Saturday, January 16, 2010

"...They Call It A One Way Street For A Reason..."

First, the obvious disclaimer.

Tens of thousands of people are dead, dying and/or suffering in Haiti as the world rallies to try and help them recover from the devastation.

And, in that light, the problems of Jay Leno and the Benny Hill bunch disguised as a television network calling themselves NBC are about as unimportant as the definition of the word allows.

That said...

I said on the air yesterday morning that, for me, after a couple of weeks of hearing the hype and processing the propaganda, the issue of who should be on where and at what time boils down to a simple matter of principle.

Jay Leno left The Tonight Show for another job.

The Jay Leno Show.

Conan O'Brien was "promoted" to Jay's job hosting The Tonight Show.

The Jay Leno Show failed.

That, right there, should be the end of the story.

Because if you take all the show biz glitz, glamour, drama and bullshit out of the equation, the aforementioned simple matter of principle is all that remains.

And for those who can't seem to find how to take all the show biz glitz, glamour, drama and bullshit out of the equation, allow me to assist with the following scenario.

You are offered another job.

You accept the offer.

You resign your present job.

You move on to your new job.

Someone is hired to take your place at your old job.

For whatever reason, the new job doesn't work out.

Would it cross your mind, for even a second, to expect your previous employer to fire the person who replaced you and welcome you back to your old job as if none of it had ever happened?

Of course not.

The exception, of course, being you were classless, self centered and unprofessional.

Jay Leno's "fans" are blathering that "Jay is funnier, so he should come back" or "Conan just isn't as good as Jay"..yada, yada.

The respective abilities of the employees are irrelevant.

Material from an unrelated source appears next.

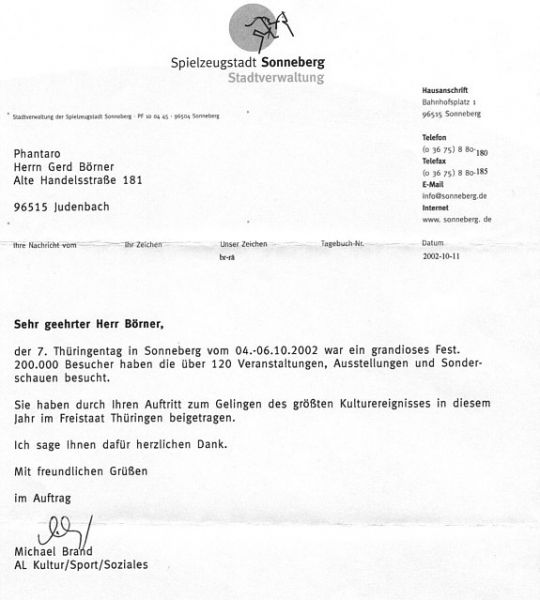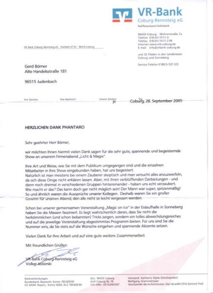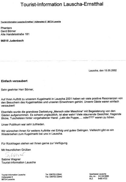 - Großes Lob für die tollen Shows im Jahr 2001. Für 2002 wünschen wir Phantaro viele tolle und zauberhafte Einfälle. Alles Gute! (Event Media Group Germany)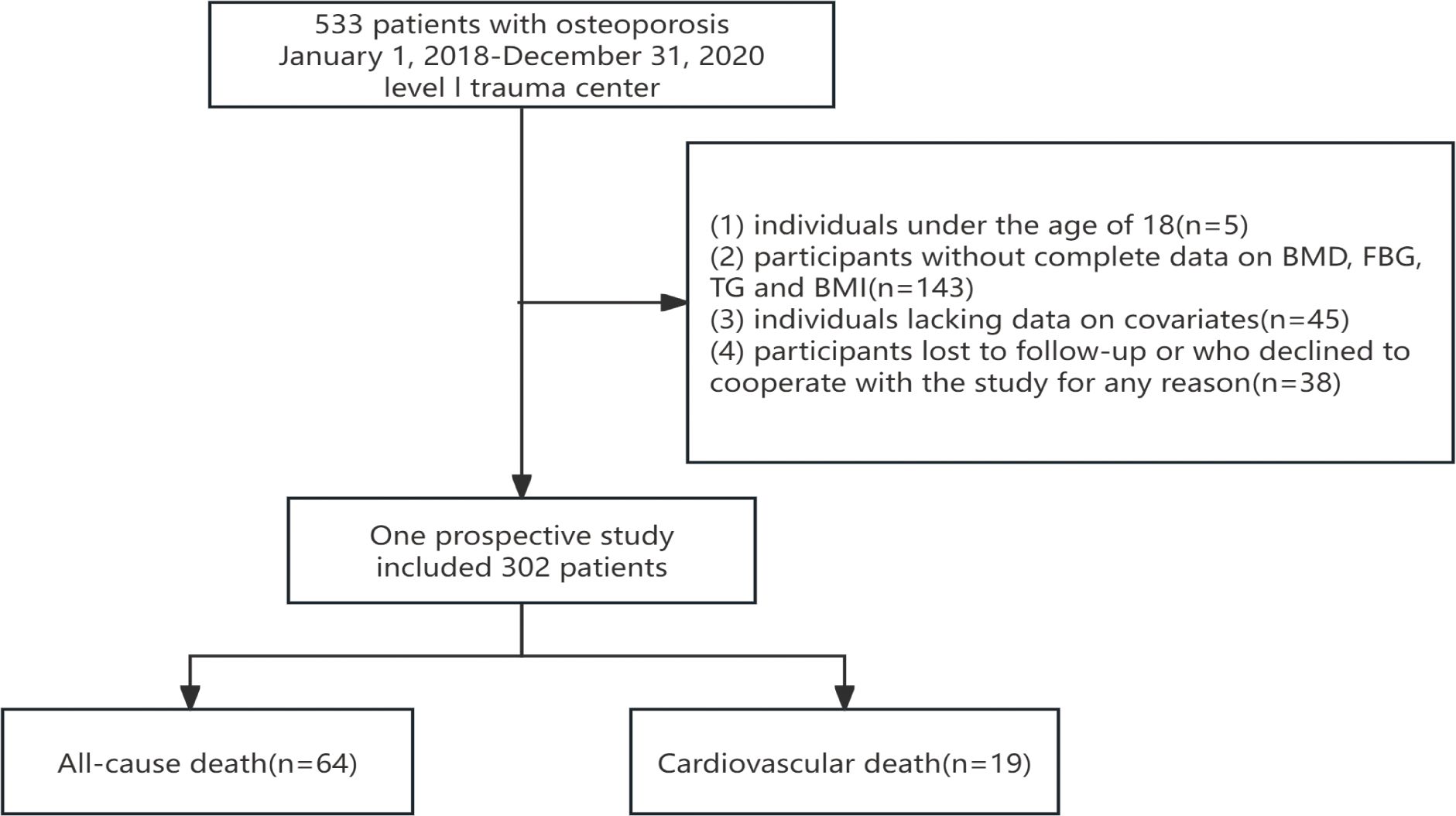 The cohort of this study consists of adult participants diagnosed with osteoporosis. The exclusion criteria are as follows: (1) individuals under the age of 18; (2) participants with incomplete data on bone mineral density (BMD), fasting blood glucose (FBG), triglycerides (TG), and body mass index (BMI); (3) individuals lacking data on relevant covariates; and (4) participants lost to follow-up or who declined participation in the study for any reason.

Whether their job is to shuffle papers...

Or entertain millions of people every night.

In a world of professional courtesy, leaving for greener pastures is a time honored and mutually respected path that we are all free to travel.

One way.

NBC needs to wish Jay well in his future endeavors.

Jay needs to man up and move on to the next challenge.

And we all need to hit "off" on the remote and get back to packing clothes and canned goods to send to Port Au Prince.

Saturday, January 9, 2010

"Uptown Girl, She's Been Headed in A Downward Swirl..."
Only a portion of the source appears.